The Institute submits that manual and electronic searches were carried out for relevant records in the email archives and files held in the offices of senior members of staff, including the applicant's line managers, and in its Human Resources department. These are submitted to be the likely locations in which relevant records should be found.
The Institute states that a re-examination of these locations was carried out based on Category 2 of the applicant's request in Case 150076, but that no further records were located.
Aside from this, records were provided to the applicant under each category sought, with the exceptions of Categories 3 and 7 of his request in Case 150016. The Institute claims that no records exist falling within these categories, but that its human resources policies and other information may be found on its employee intranet, to which the applicant has access.
It is apparent from correspondence before me that the applicant's particular concern is that he believes that emails dated around June 2014 exist, which had not been provided to him. In fact, it appears that these emails were held to be exempt by the Institute, and had not been furnished on that basis. As noted above, I now direct that these records be released to the applicant, subject to the redaction of information relating to third parties.
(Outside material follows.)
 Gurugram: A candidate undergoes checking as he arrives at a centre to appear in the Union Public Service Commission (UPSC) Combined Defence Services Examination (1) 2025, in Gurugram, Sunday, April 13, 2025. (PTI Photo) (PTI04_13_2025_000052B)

Having carefully considered the matter, I find no reason to doubt the Institute's submission that further records either do not exist, or cannot be found, and that the searches carried out were reasonable. I therefore find that the Institute was entitled to refuse the balance of the applicant's requests in both Case 150016 and Case 150076 under section 15(1)(a) of the FOI Act.
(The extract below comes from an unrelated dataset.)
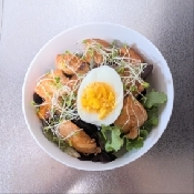 丼にご飯を盛り付けてレタスをちぎって敷き詰める。

Having carried out a review under section 22(2) of the Freedom of Information Act 2014, as amended, I hereby annul the Institute's decision in Case 150016 to refuse access to records under section 30(1)(b), and direct the release of those records subject to the redactions set out earlier in this decision.
I affirm, under section 15(1)(a) of the FOI Act, the Institute's decisions in both Case 150016 and Case 150076, to refuse to release further records, on the basis that such records do not exist or cannot be found after reasonable searches have been carried out.
A party to a review, or any other person affected by a decision of the Information Commissioner following a review, may appeal to the High Court on a point of law arising from the decision. Such an appeal must be initiated not later than four weeks from the date on which notice of the decision was given to the person bringing the appeal.